- _Exercise instructions_
Return nothing but the lines from the one with "Antikaldagaler med guld" through the one with "КНДР 1988 год." in the data below, word for word and without pictures.
** Opening Source data block **
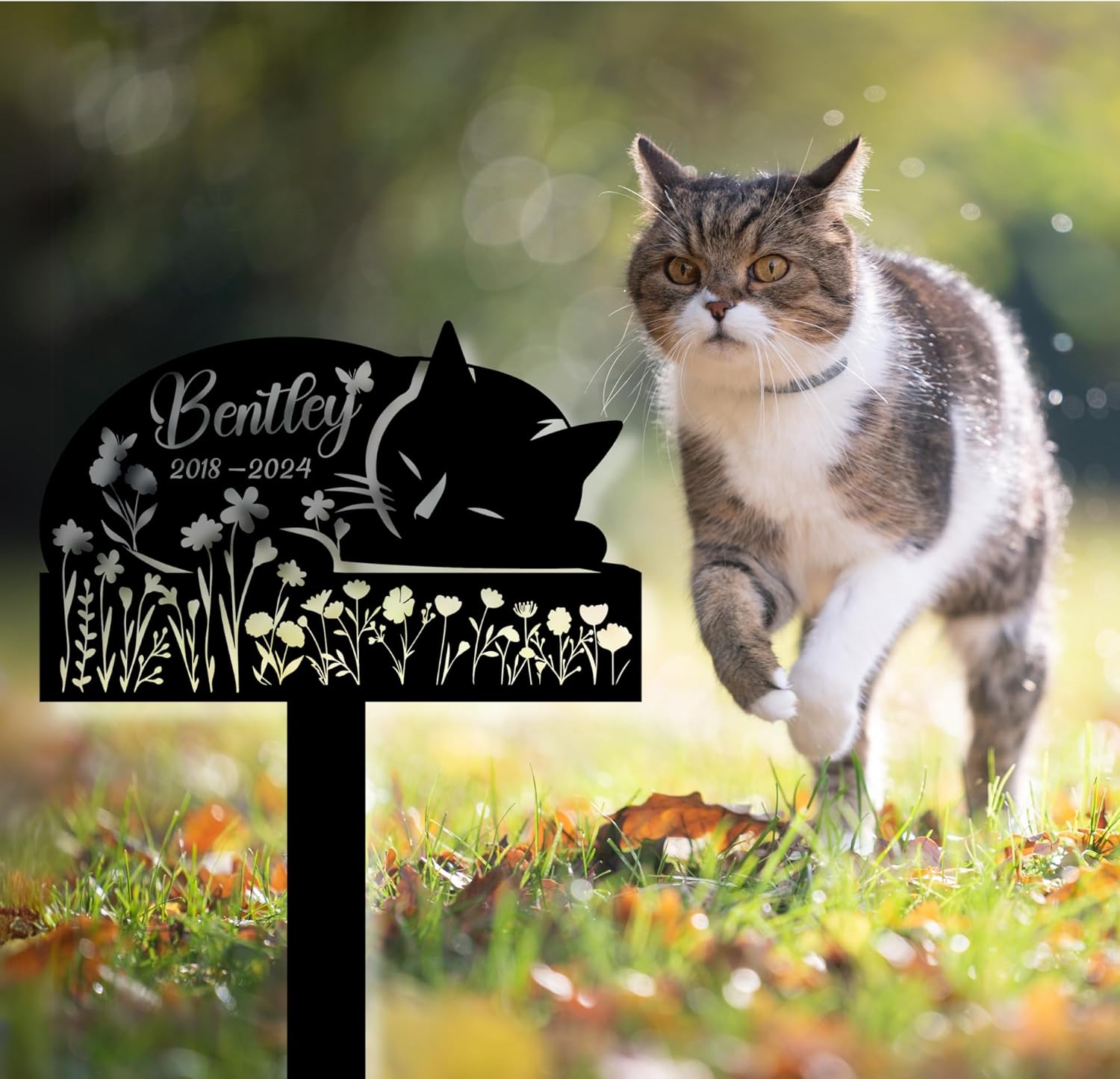 Sleeping Cat Grave Markers Outdoor, Weatherproof Metal Pet Headstone with Name & Date, Outdoor Grave Marker for Cats – Variety of Sizes & Finishes
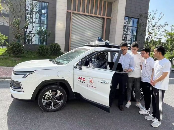 智能网联汽车研究团队正在进行车辆测试。学校供图
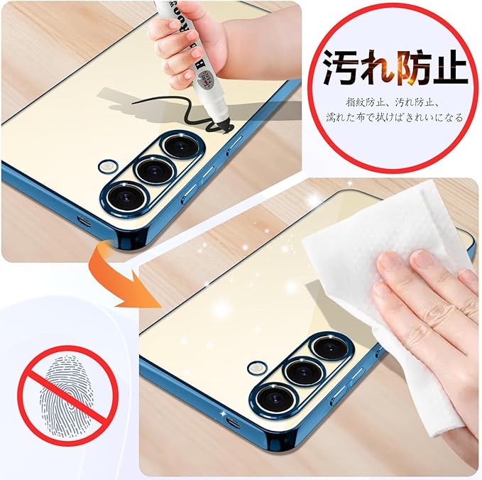 Galaxy S24 ケース クリア 青 ギャラクシーs24 SC-51E SCG25 カバー 透明 耐衝撃 軽量 薄型 tpu 背面クリア 青縁 メッキ加工 スマホケース ソフト ストラップホール付き ワイヤレス充電対応(galaxyS24,
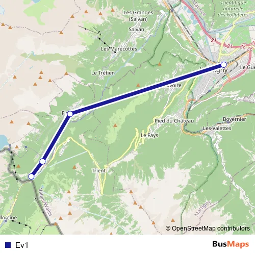 Bus Ev1 in Martigny-Ville: Stops & Timetable
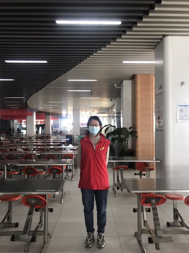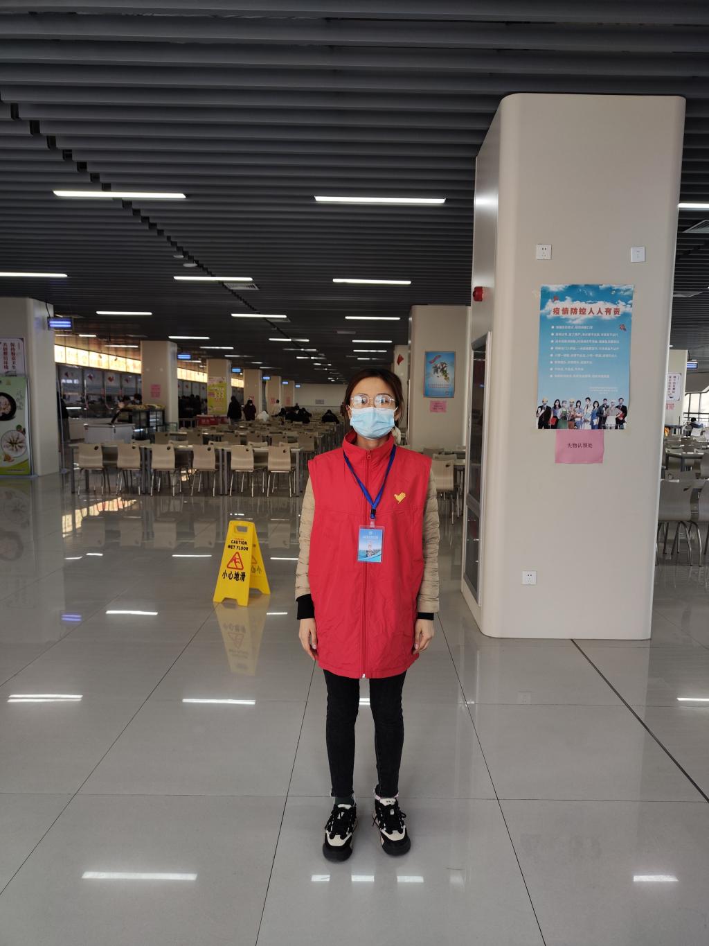就餐时间,“红马甲”各就各位来到餐厅的各个角落。有的在餐厅入口维持秩序,有的在餐厅里提醒师生就餐间隔一米距离,单方向朝南就餐,有的在提醒学生带好口罩。有的在地下负一引导师生从餐厅南门离开餐厅。
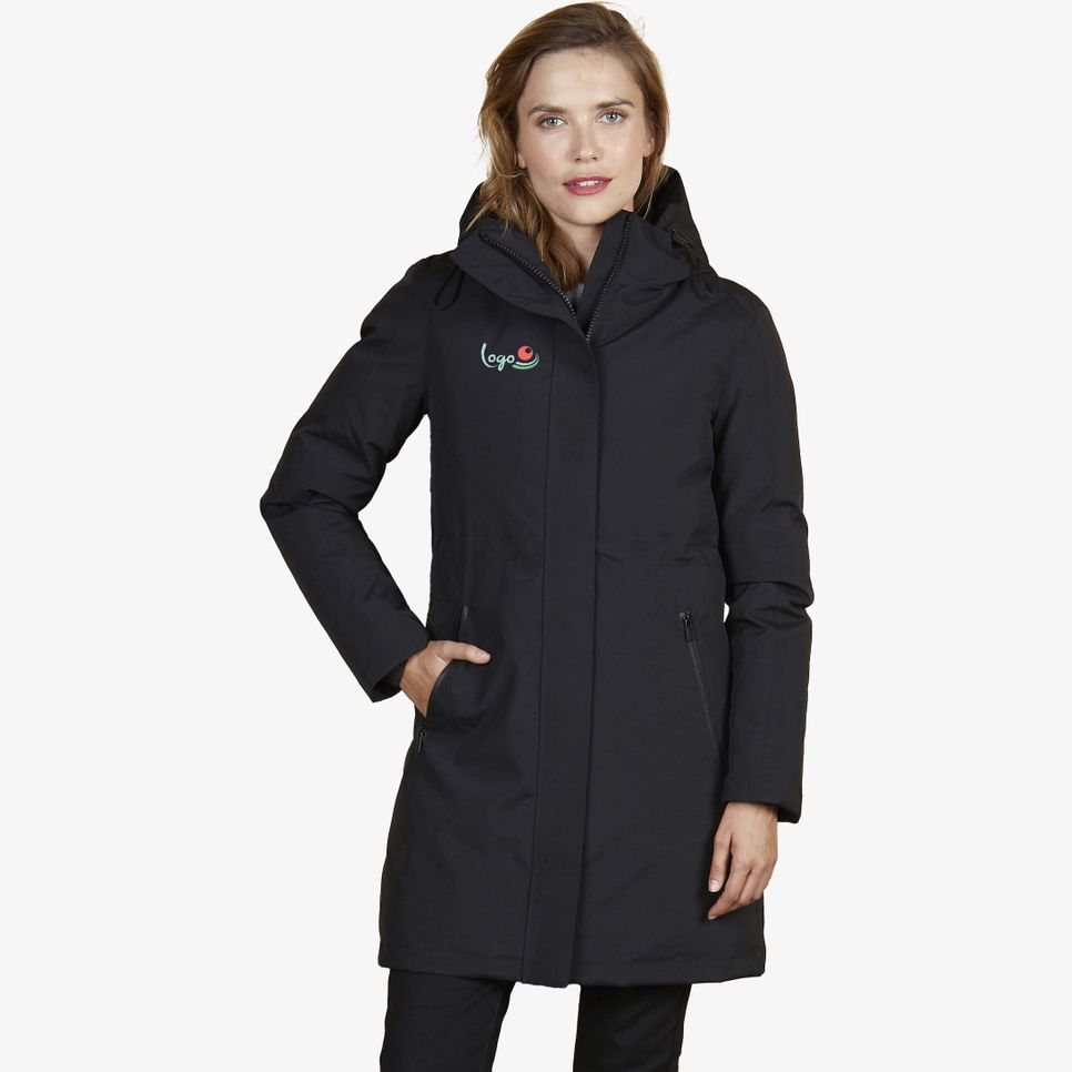 La parka blouson femme Alfi Women est conçue pour une protection renforcée contre le froid, avec capuche rembourrée, patte de fermeture aimantée et poignets élastiqués. Poches latérales zippées et poches intérieures, dont une verticale côté c\u0153ur. Personnalisation possible. Ext\u00e9rieur 100% polyester recycl\u00e9, doublure 100% polyester recycl\u00e9, rembourrage 100% polyester recycl\u00e9.
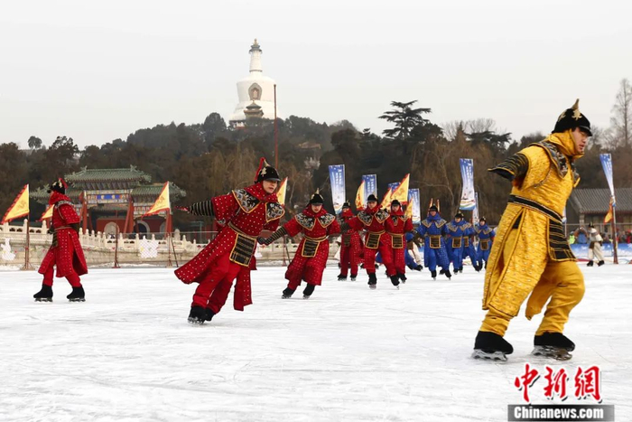 2016年1月20日,大寒节气,表演者穿着清朝八旗服饰在北京北海公园上演皇家“冰嬉”。中新社记者 富田 摄
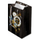 Antikaldagaler med guld och släpredskap, dekorerade med mekanisk dragonfly på brun, strimlad bakgrund. Steampunk.
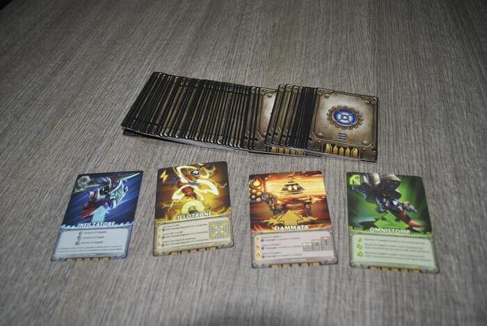 Carte della stessa tipologia possono essere accumulate nello stesso slot (massimo 3) per aumentare la potenza dell’azione descritta sulla carta messa in cima in quel preciso slot.
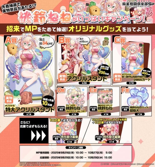 先着で高さ約34cmの『桃鈴ねね』の「オリジナル特大アクリルスタンド」や2種類の絵柄の「オリジナルアクリルスタンド」や「オリジナルe-amusement passカード」が獲得できるほか、抽選でゲーム内
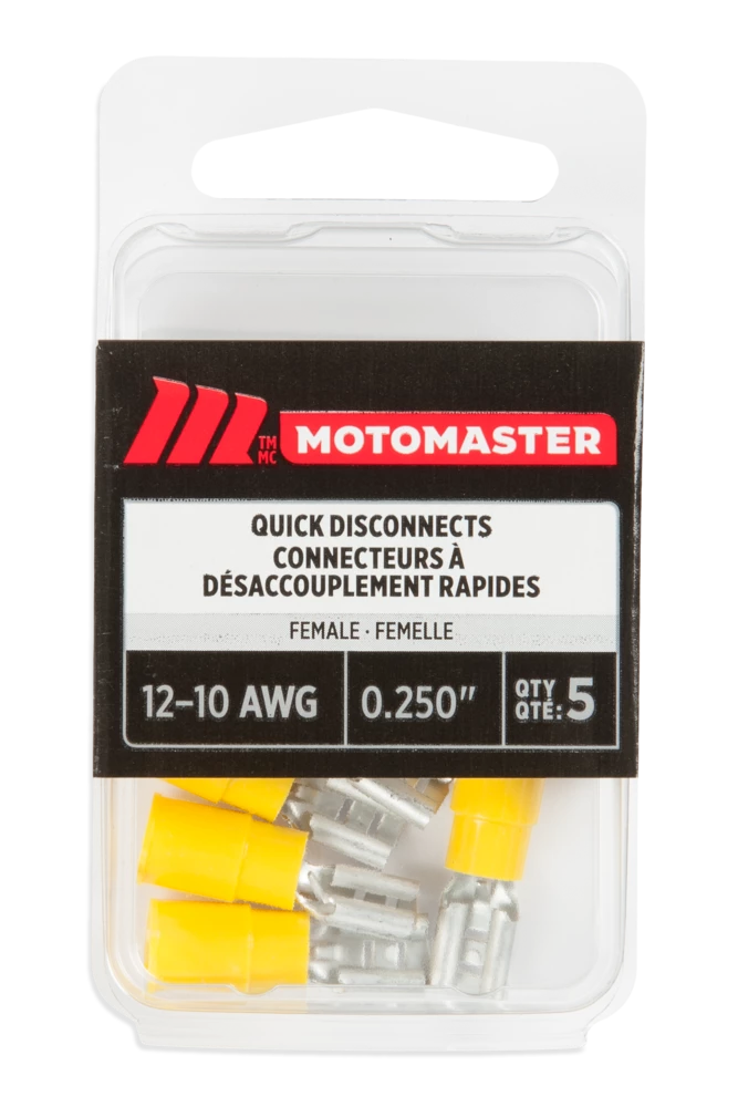 - Certified 12-10 AWG Automotive Female Quick Disconnect is used for electrical wire termination
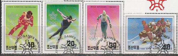 КНДР 1988 год. Победители Зимних Олимпийских игр в Калгари, 4 гашёные марки
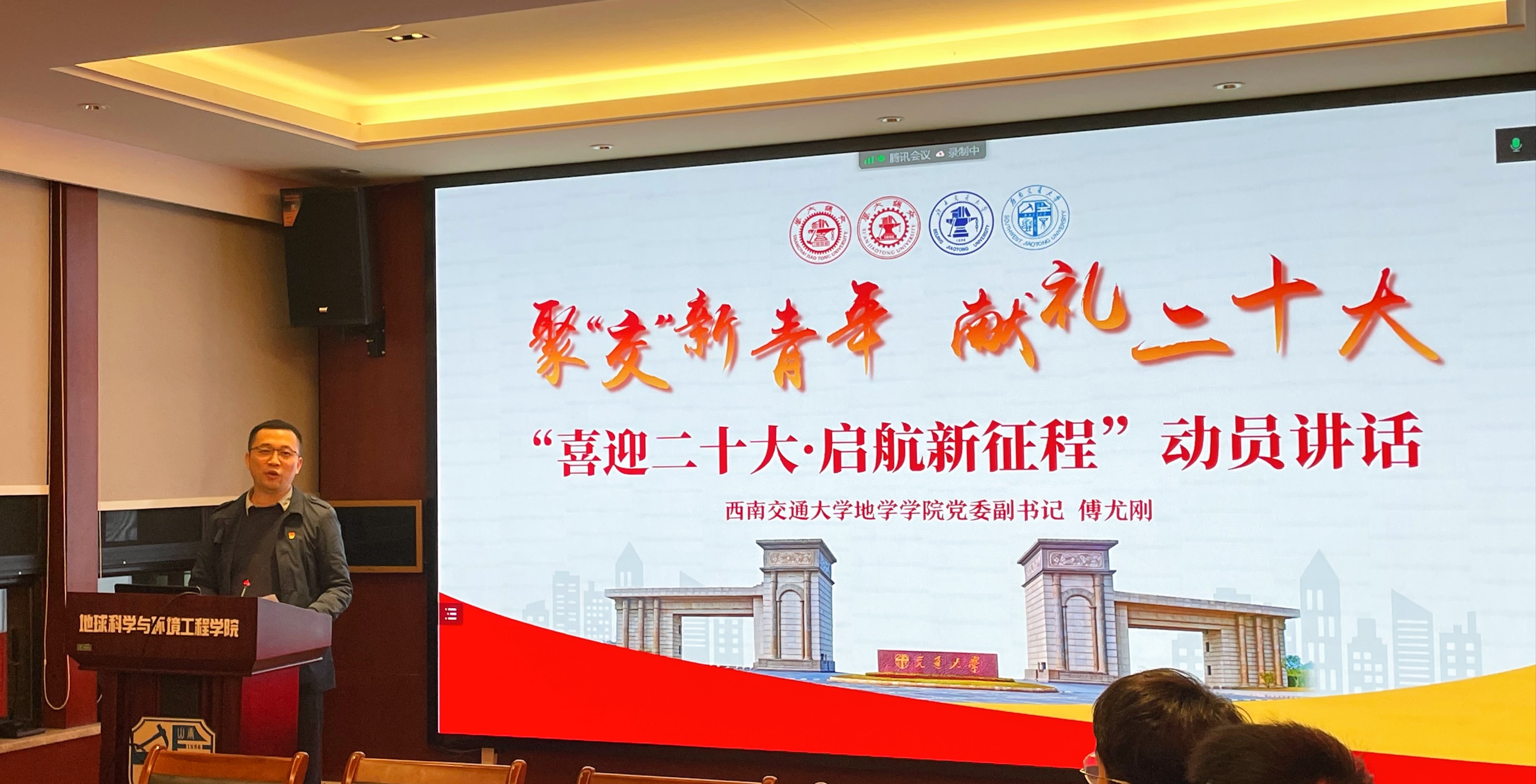 党委副书记傅尤刚老师做了关于“喜迎二十大,启航新征程”动员讲话,对于二十大精神的学习,傅书记给全体同学们提了三点倡议,第一:要从思想和政治站位上充分认识党的二十大重要意义和精神实质。第二:要以实际行动和优异的成绩来迎接党的二十大的召开。第三:要充分利用好聚“交”新青年的平台和载体,将其逐步形成后续的常态化、制度化的一种活动形式,实现支部共建共学,充分汲取四所交大饮水思源、同根同源的精神养分。
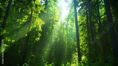 A serene sunlit forest scene showcasing vibrant greenery and peaceful atmosphere, perfect for nature lovers and relaxation.
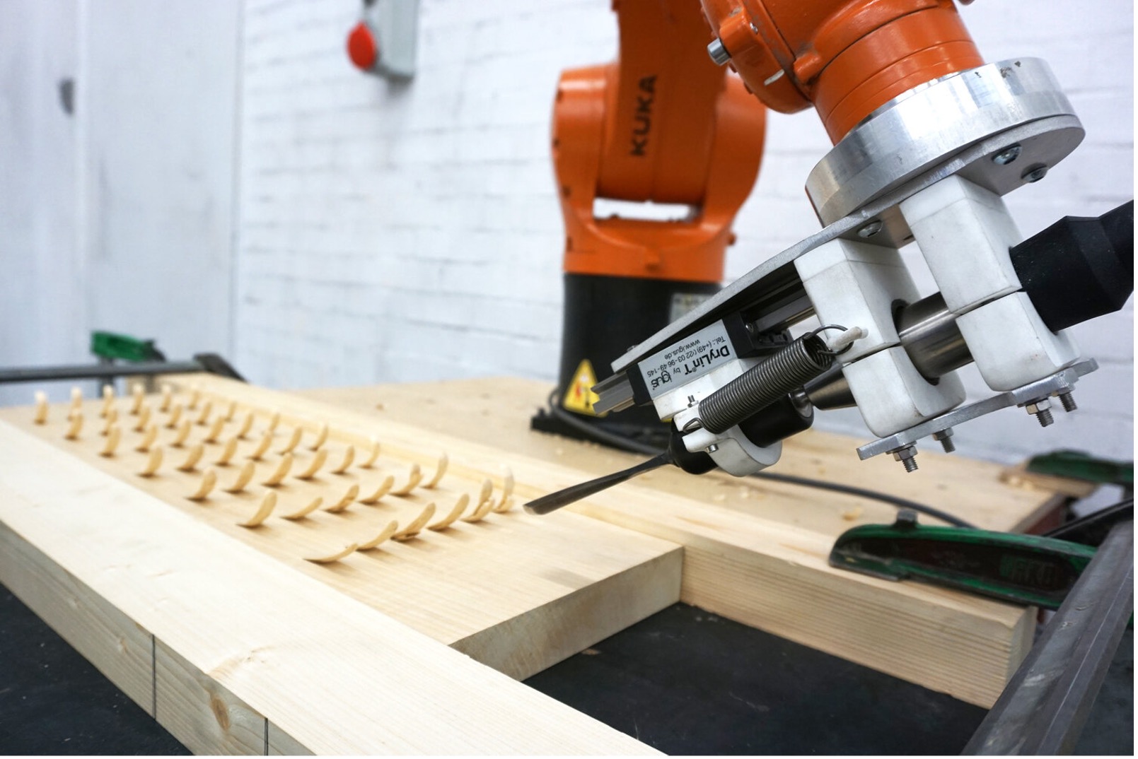 The adaptive robotic carving project uses robotic arms from the company KUKA, which are market leaders in automation and robotics. Specifically, the KR 120 R2500 pro and KR 210 R3100 ultra models are used, which have a reach of 2,500 and 3,100 mm respectively, and a load capacity of 120 and 210 kg. These robotic arms are equipped with non-standard carving tools, such as knives, saws or planers, which are adapted to the properties and behaviour of the wood.
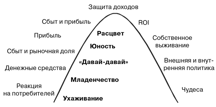 Рис. 7. Изменение целей организации по мере продвижения по жизненному циклу
** Closing Source data block **
- _Finished task_
 Antikaldagaler med guld och släpredskap, dekorerade med mekanisk dragonfly på brun, strimlad bakgrund. Steampunk.
 Carte della stessa tipologia possono essere accumulate nello stesso slot (massimo 3) per aumentare la potenza dell’azione descritta sulla carta messa in cima in quel preciso slot.
 先着で高さ約34cmの『桃鈴ねね』の「オリジナル特大アクリルスタンド」や2種類の絵柄の「オリジナルアクリルスタンド」や「オリジナルe-amusement passカード」が獲得できるほか、抽選でゲーム内
 - Certified 12-10 AWG Automotive Female Quick Disconnect is used for electrical wire termination
 КНДР 1988 год. Победители Зимних Олимпийских игр в Калгари, 4 гашёные марки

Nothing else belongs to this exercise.